ACTIVITY: Copy out exactly the lines spanning the line with "ASOS DESIGN –" to the line with "Tyle przestrzeni, ile potrzebujesz. Zmywarka", inclusive, from the data underneath, with no pictures.

--- MATERIAL SHOWN ---

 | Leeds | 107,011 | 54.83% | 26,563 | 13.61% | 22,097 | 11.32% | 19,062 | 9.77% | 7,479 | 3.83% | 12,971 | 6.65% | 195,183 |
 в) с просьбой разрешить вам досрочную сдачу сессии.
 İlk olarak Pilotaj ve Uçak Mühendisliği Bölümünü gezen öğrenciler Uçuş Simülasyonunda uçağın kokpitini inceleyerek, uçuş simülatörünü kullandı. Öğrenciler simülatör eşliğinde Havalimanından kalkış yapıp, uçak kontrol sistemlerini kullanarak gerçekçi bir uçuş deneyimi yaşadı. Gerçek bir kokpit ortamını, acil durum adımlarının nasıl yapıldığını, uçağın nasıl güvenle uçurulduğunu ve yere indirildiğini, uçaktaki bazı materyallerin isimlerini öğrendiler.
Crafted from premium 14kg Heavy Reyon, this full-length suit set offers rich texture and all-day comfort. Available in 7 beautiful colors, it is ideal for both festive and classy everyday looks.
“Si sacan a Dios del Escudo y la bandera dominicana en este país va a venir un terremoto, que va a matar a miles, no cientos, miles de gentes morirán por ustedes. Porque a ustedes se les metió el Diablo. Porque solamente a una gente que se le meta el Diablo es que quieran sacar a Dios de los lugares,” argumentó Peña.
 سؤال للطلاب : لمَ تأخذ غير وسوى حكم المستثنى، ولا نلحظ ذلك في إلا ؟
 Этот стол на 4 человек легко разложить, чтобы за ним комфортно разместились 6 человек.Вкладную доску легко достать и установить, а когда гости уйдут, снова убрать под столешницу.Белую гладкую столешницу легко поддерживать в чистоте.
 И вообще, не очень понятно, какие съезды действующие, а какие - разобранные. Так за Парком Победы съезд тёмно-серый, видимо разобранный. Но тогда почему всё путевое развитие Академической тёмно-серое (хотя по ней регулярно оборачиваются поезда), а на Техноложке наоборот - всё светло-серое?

---
--- MATERIAL SHOWN ---

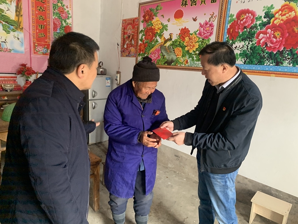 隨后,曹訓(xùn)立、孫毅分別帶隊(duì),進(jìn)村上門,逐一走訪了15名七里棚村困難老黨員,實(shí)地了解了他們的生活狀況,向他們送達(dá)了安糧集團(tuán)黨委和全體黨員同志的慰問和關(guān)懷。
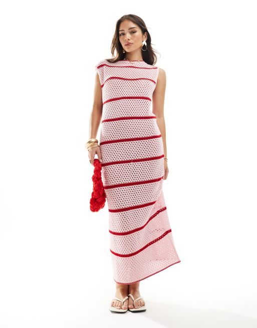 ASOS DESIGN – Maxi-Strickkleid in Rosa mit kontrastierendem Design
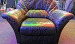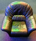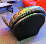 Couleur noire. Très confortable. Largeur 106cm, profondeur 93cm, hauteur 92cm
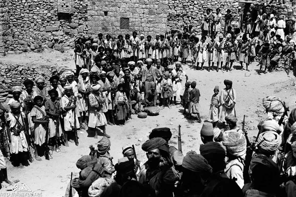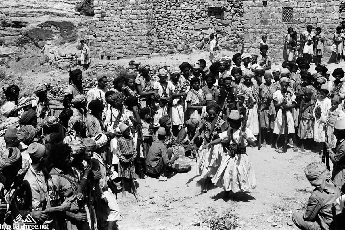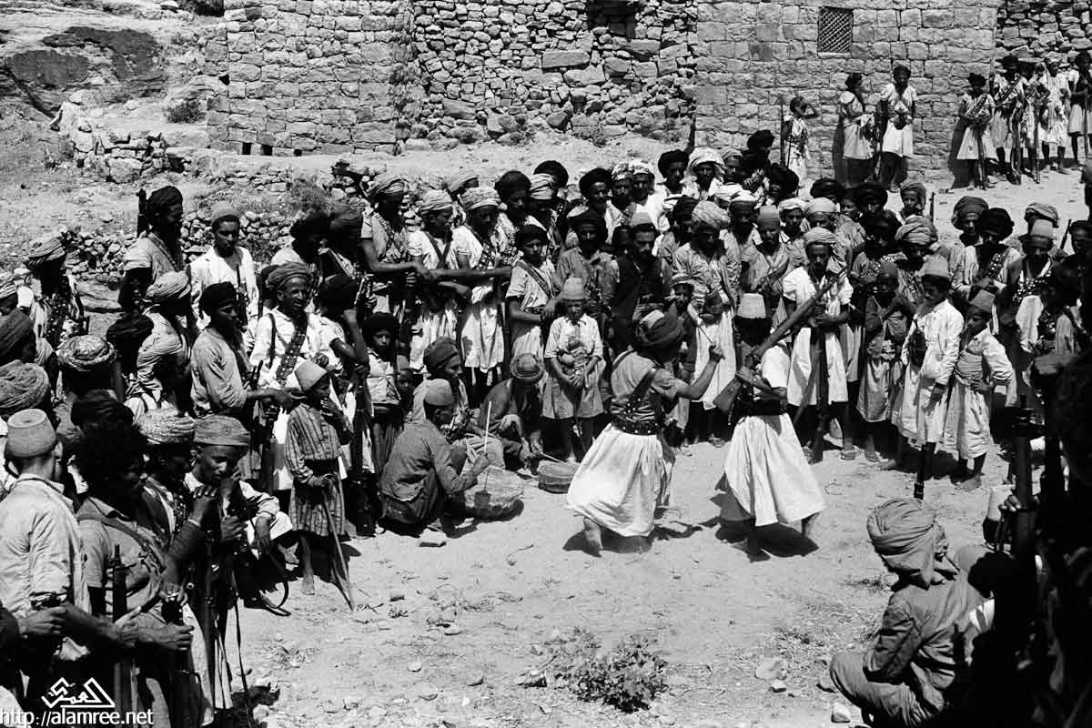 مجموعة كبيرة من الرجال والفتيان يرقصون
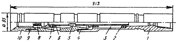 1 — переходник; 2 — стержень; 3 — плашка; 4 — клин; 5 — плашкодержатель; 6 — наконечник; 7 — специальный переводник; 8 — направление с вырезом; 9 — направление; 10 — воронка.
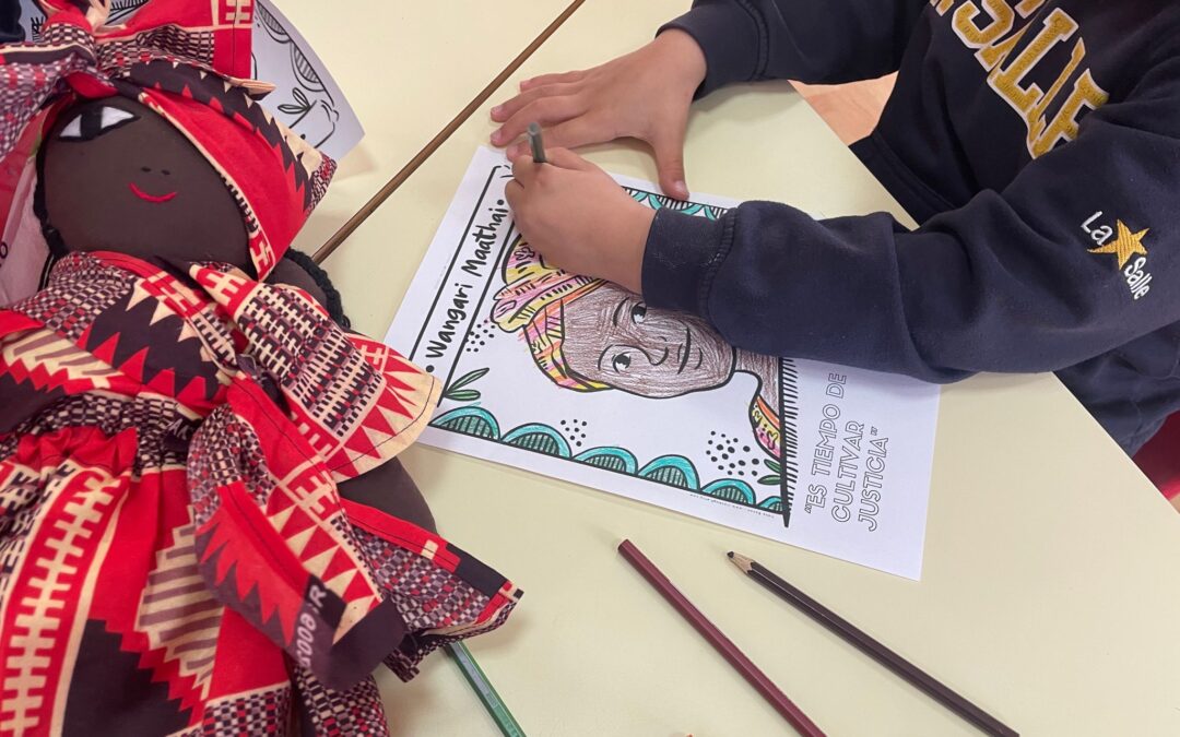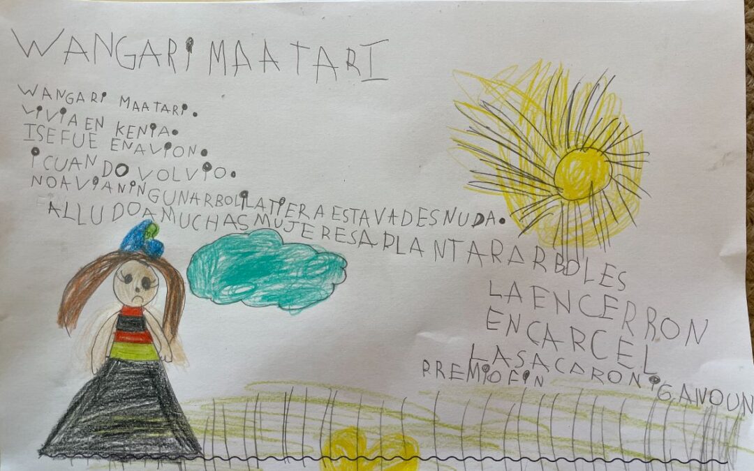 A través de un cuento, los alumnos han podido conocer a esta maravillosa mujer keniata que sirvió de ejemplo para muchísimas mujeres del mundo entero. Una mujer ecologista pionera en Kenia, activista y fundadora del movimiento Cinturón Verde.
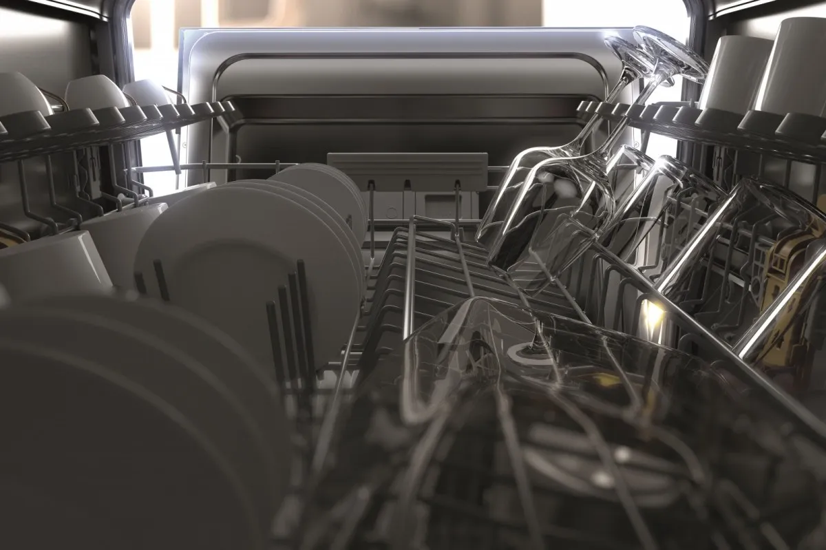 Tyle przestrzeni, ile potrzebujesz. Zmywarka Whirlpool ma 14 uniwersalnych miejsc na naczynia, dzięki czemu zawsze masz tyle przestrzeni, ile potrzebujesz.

---

SOLUTION:
 ASOS DESIGN – Maxi-Strickkleid in Rosa mit kontrastierendem Design
 Couleur noire. Très confortable. Largeur 106cm, profondeur 93cm, hauteur 92cm
 مجموعة كبيرة من الرجال والفتيان يرقصون
 1 — переходник; 2 — стержень; 3 — плашка; 4 — клин; 5 — плашкодержатель; 6 — наконечник; 7 — специальный переводник; 8 — направление с вырезом; 9 — направление; 10 — воронка.
 A través de un cuento, los alumnos han podido conocer a esta maravillosa mujer keniata que sirvió de ejemplo para muchísimas mujeres del mundo entero. Una mujer ecologista pionera en Kenia, activista y fundadora del movimiento Cinturón Verde.
 Tyle przestrzeni, ile potrzebujesz. Zmywarka Whirlpool ma 14 uniwersalnych miejsc na naczynia, dzięki czemu zawsze masz tyle przestrzeni, ile potrzebujesz.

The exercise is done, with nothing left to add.